Акутагава стоял в тени старого каштана — достаточно далеко чтобы оставаться незамеченным, достаточно близко чтобы видеть. Он умел стоять вот так: неподвижно, почти не дыша, пока пространство вокруг не начинало воспринимать его как часть тени Это было полезное умение. Он пользовался им по-разному, в разных обстоятельствах.
Сейчас оно было просто дурной привычкой.
Жара давила на плечи с методичным равнодушием — просачивалась под тёмную ткань пальто, прижимала к земле, лежала на коже как что-то ненужное и неотменяемое. Рюноске не двигался. Смотрел.

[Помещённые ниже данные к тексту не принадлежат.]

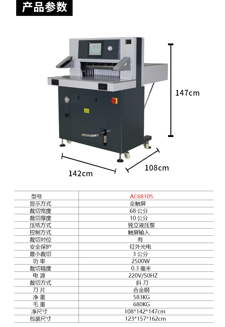 震旦AURORA 100mm双液压系统切纸机A3幅面大台面10英寸触屏 标书文件裁纸机书籍档案修边切纸刀 AC6810S 深空灰
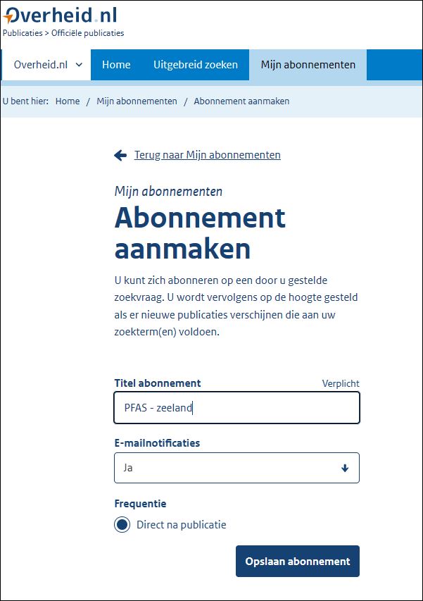 Vul bij “Titel abonnement” bijvoorbeeld in: PFAS Zeeland.
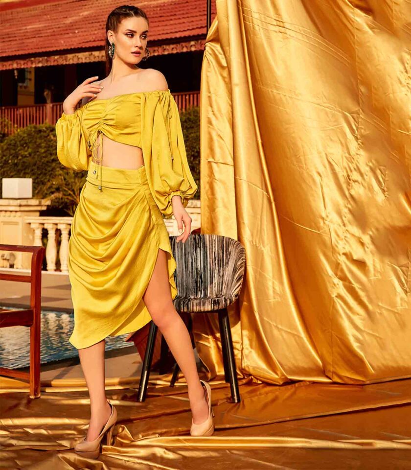 Yellow Gold Off-Shoulder Crop Top with Draped Skirt
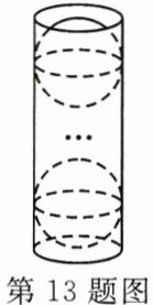 13. (日常生活情境)如图,小明把 $m$ 个大小相同的网球恰好放进新买的圆柱形收纳筒中,则这个圆柱形收纳筒的体积是 $m$ 个网球体积之和的

Дазай-сан сидел за столиком у открытого окна первого этажа — там где здание Агентства выходило в маленький внутренний дворик, выложенный светлой плиткой, раскалённой до состояния почти живой. Он пил что-то холодное, бездумно крутил в пальцах трубочку и смотрел в пространство с выражением человека, который одновременно думает о многом и ни о чём.
Акутагава знал это выражение. Он изучил каждую его вариацию — с той тщательностью, которую сам себе не мог объяснить иначе как необходимостью. Потому что если объяснять иначе — тогда нужно было признать кое-что ещё. А этого он делать не собирался.
Дазай-сан потянулся за стаканом, и что-то в этом простом движении — ленивом, почти небрежном — сжало Акутагаве грудь с тихой, привычной силой. Он выдохнул медленно. Незаметно.
Это было хуже всего — вот такие моменты. Когда наставник не знал, что на него смотрят. Когда не было взгляда в ответ — взвешивающего, чуть насмешливого. Только Дазай-сан сам по себе, в обеденном солнце, с холодным напитком и выражением человека которому сейчас хорошо или по крайней мере — достаточно. И это "достаточно" которое никак не было связано с присутствием Акутагавы, обжигало тихо и ровно — примерно так же как жара, примерно так же неизменно.
Он собирался уйти.
Оборотень появился в проёме двери — и Акутагава не ушёл.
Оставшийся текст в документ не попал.